Microsoft unveiled the next major version of Skype with real-time translation technology on Tuesday at the Code Conference in Rancho Palos Verdes, California. While you won't be able to chat with your favorite Andorian or Tellarite via sub-space for at least another century, you will be able to speak to someone in Germany or France in their native tongue by the end of 2014. The best part is you won't have to spend weeks learning a new language with Rosetta Stone.
The product allows two people to converse in any two of over 40 languages. In video demos released by Microsoft, the translation appears to be as fast and accurate as a trained human intermediary. The technology is based on the voice-to-text or speech recognition engine that drives Microsoft's Cortana. Cortana is the new virtual personal assistant built into Windows Phone 8.1 and will be released to the general public sometime this summer. Microsoft plans to release Skype with translation technology by the end of 2014.
I can't get my hands on the next version of Skype yet, but as a software developer I do have access to the next best thing - the developer release of Cortana. I've been playing with this updated speech recognition technology for several weeks and I can tell you that it is nothing short of amazing. I've always been an enthusiast of natural language interaction with computers. Geeks aged 35 and older probably remember watching the crew of the Enterprise interact with the computer like it was a virtual crew member. Well, that was supposed to be a couple hundred years in the future.
Just last year I did a project that involved voice-to-text transcription services. We tried out several market leading technologies. Some were better than others, but none was capable of near 100% recognition. I told our client that we might be 10 years from meaningful advances. I was right and I was wrong. The massive improvement from the Windows Phone 8 to 8.1 technology is not incremental. It represents a total paradigm shift in the way researchers are approaching the problem of speech recognition. I won't bore you with all the technobabble details, but this new approach, called deep learning, is being applied to lots of computer science problems. This is the real story. It means that in the next few years you can expect surprisingly rapid acceleration and innovation in the high-tech world.

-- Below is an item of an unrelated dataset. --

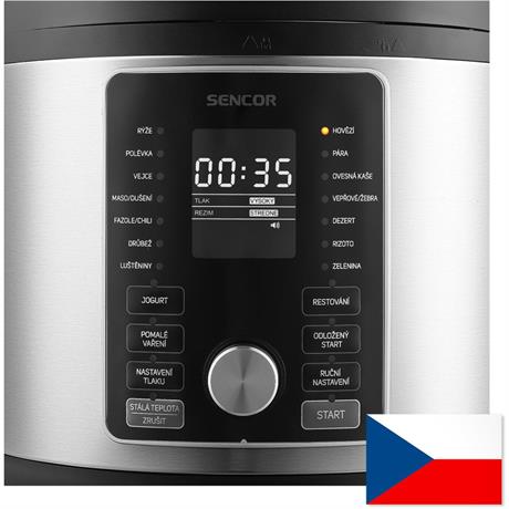 Na rozdíl od jiných spotřebičů nabízí elektrický tlakový hrnec Sencor SPR 6600SS ovládací panel zcela v českém jazyce. S tímto přístupem se snadno zorientujete v dostupných programech a dodatečných funkcích, což vám umožní rychlé a efektivní nastavení.

What does that mean for you? Better phones, more engaging games and entertainment, and devices we haven't even dreamed of. Microsoft already had great language translation tech. They already had great text-to-speech tech. All they did was add the first truly great voice-to-text tech to that mix and POW, a new product straight from the world of science fiction. We might still be a few hundred years from the first warp engine and first contact, but we'll be ready thanks to the brilliant engineers at Microsoft Research.